▸ Your task: Two lines below mark the span: the one containing "THIS ATHENA ARROWHEAD" and the one containing "天津科技大学司传领教授做了题为《One-pot preparation of". Set down both, plus every line between, exactly as they stand, and nothing else.

▸ Recorded data:

#####

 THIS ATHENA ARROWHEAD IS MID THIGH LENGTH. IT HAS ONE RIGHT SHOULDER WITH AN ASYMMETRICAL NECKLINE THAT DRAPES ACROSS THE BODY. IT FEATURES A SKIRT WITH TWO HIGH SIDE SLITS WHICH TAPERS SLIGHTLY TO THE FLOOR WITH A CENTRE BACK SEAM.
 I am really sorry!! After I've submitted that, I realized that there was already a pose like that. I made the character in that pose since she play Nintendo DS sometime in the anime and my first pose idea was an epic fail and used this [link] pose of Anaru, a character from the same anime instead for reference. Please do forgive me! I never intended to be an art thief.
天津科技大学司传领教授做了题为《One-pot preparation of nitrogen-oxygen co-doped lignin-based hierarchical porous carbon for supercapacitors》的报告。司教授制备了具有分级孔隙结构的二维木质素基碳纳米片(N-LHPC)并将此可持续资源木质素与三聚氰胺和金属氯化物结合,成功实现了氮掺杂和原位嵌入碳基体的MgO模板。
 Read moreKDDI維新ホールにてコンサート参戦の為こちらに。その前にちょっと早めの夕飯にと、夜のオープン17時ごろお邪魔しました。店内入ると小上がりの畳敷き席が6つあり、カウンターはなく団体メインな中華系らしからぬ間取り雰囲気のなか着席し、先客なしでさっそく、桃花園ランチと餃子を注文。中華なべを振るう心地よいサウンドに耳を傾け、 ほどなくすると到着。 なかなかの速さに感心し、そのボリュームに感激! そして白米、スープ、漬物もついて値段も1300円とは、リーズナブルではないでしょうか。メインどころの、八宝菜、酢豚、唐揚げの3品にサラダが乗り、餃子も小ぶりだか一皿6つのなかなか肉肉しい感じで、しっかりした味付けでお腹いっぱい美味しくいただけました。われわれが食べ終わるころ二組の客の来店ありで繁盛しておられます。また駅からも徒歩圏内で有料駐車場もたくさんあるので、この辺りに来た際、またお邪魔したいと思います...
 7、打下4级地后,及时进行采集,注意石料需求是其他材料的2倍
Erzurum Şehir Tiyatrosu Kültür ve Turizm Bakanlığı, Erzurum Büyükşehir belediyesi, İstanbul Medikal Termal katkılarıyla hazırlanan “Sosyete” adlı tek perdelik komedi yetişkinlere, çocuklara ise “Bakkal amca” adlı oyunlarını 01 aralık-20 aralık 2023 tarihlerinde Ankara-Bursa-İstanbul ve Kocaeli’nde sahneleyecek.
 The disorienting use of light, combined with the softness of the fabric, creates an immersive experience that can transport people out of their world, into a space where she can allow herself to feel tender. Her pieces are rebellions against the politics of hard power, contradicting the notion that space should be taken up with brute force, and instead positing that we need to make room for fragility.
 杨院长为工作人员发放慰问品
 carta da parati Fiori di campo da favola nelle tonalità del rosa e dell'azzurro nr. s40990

#####

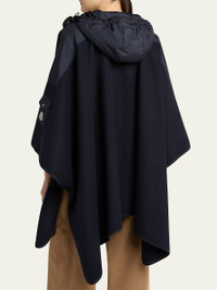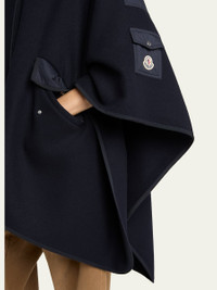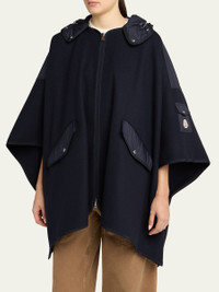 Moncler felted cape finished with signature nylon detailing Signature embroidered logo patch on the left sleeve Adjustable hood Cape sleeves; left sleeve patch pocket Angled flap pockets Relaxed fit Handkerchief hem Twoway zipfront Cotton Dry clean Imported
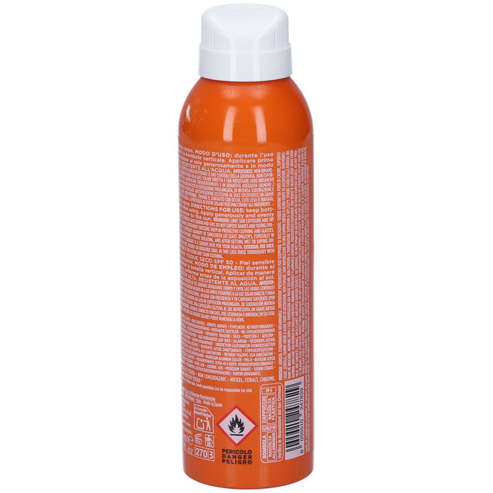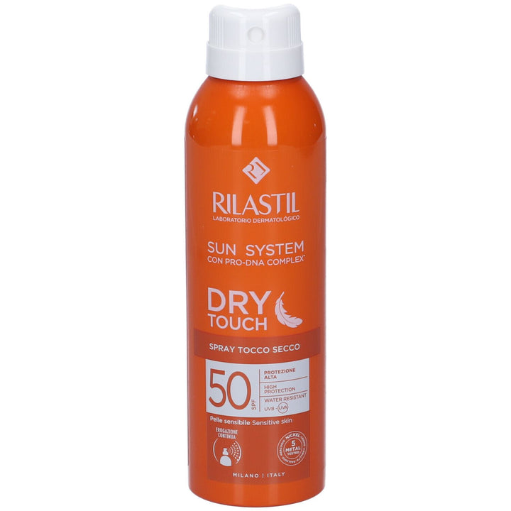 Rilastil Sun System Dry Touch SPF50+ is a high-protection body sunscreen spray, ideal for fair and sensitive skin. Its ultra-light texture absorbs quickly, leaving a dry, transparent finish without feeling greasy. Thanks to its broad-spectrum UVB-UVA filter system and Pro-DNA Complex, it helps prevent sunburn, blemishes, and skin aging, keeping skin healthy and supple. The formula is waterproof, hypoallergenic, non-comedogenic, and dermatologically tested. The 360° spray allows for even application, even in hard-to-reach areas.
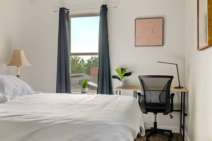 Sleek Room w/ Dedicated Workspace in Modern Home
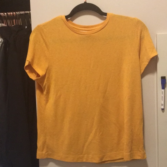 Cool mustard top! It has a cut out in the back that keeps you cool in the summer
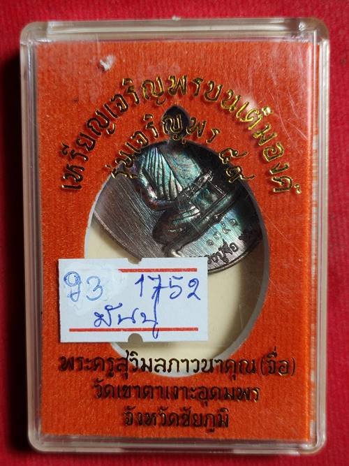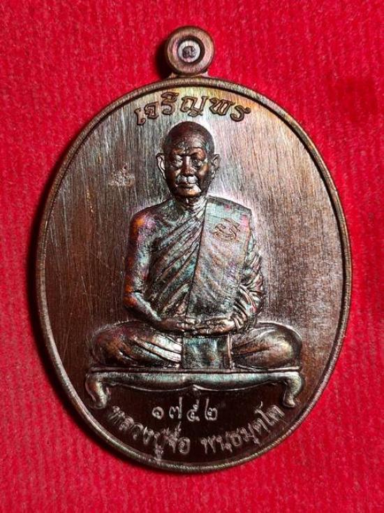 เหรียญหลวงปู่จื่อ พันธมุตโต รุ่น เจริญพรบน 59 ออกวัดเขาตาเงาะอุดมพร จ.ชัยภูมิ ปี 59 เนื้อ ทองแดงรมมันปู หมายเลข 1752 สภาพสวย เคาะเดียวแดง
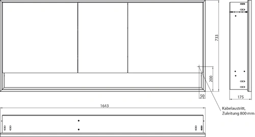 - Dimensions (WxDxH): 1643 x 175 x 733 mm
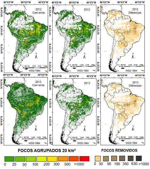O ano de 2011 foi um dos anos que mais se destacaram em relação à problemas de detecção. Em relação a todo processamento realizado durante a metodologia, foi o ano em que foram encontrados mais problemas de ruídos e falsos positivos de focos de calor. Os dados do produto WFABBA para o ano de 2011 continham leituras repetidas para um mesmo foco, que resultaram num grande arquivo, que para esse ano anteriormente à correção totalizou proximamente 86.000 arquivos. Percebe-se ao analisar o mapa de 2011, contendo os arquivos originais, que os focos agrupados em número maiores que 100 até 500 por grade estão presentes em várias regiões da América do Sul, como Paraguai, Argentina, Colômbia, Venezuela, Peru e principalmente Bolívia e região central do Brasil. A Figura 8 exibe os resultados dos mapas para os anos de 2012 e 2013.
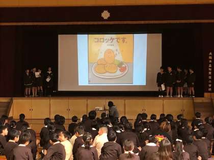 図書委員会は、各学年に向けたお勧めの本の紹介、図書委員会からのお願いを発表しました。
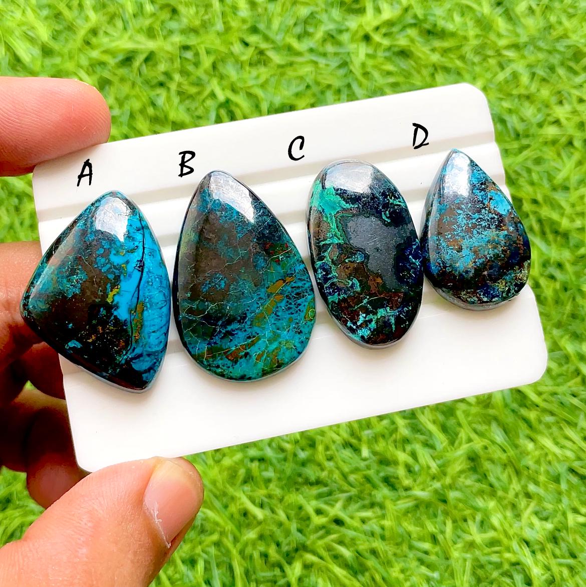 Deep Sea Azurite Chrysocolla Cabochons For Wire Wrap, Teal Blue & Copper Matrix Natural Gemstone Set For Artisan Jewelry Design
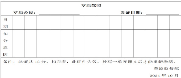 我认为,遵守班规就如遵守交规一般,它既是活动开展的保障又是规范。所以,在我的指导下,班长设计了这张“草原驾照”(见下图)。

#####

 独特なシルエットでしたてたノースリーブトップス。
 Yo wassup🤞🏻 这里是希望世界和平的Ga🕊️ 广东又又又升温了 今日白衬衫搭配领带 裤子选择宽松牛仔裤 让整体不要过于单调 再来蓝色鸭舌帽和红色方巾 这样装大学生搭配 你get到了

#####

▸ Task output:
 THIS ATHENA ARROWHEAD IS MID THIGH LENGTH. IT HAS ONE RIGHT SHOULDER WITH AN ASYMMETRICAL NECKLINE THAT DRAPES ACROSS THE BODY. IT FEATURES A SKIRT WITH TWO HIGH SIDE SLITS WHICH TAPERS SLIGHTLY TO THE FLOOR WITH A CENTRE BACK SEAM.
 I am really sorry!! After I've submitted that, I realized that there was already a pose like that. I made the character in that pose since she play Nintendo DS sometime in the anime and my first pose idea was an epic fail and used this [link] pose of Anaru, a character from the same anime instead for reference. Please do forgive me! I never intended to be an art thief.
天津科技大学司传领教授做了题为《One-pot preparation of nitrogen-oxygen co-doped lignin-based hierarchical porous carbon for supercapacitors》的报告。司教授制备了具有分级孔隙结构的二维木质素基碳纳米片(N-LHPC)并将此可持续资源木质素与三聚氰胺和金属氯化物结合,成功实现了氮掺杂和原位嵌入碳基体的MgO模板。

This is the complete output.